> [Data section]:
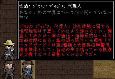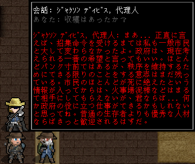 次は避難センターの北東に移動しよう。『傭兵』と『代理人』の2人がいますね。彼らと会話をすれば全ての住人と面会したことになる(医者はまだか)。
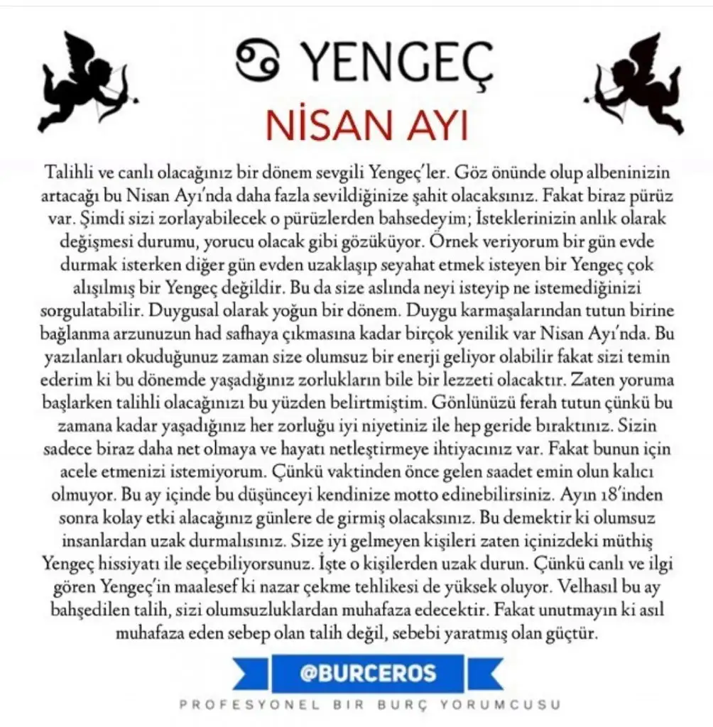Yükselen Yengeç ve Yengeç Burçları Nisan Ayı Burç Yorumu :
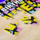 This colourful and vibrant birthday themed jigsaw puzzle design features a large number “66” with a multicolored rainbow spectrum inspired gradient pattern, along with the message “HAPPY 66th BIRTHDAY,”, and an editable recipient name. The background features a cheerful pattern of heart shapes with various sizes and colours. A fun, customizable birthday puzzle like this might be a fun way to deliver a birthday greeting message to somebody who is celebrating their sixty-sixth birthday. [~Z0000611]

> [Problem details]:
Please leave the images out and retype the rest of the material exactly.

> [Output]:
 次は避難センターの北東に移動しよう。『傭兵』と『代理人』の2人がいますね。彼らと会話をすれば全ての住人と面会したことになる(医者はまだか)。
Yükselen Yengeç ve Yengeç Burçları Nisan Ayı Burç Yorumu :
 This colourful and vibrant birthday themed jigsaw puzzle design features a large number “66” with a multicolored rainbow spectrum inspired gradient pattern, along with the message “HAPPY 66th BIRTHDAY,”, and an editable recipient name. The background features a cheerful pattern of heart shapes with various sizes and colours. A fun, customizable birthday puzzle like this might be a fun way to deliver a birthday greeting message to somebody who is celebrating their sixty-sixth birthday. [~Z0000611]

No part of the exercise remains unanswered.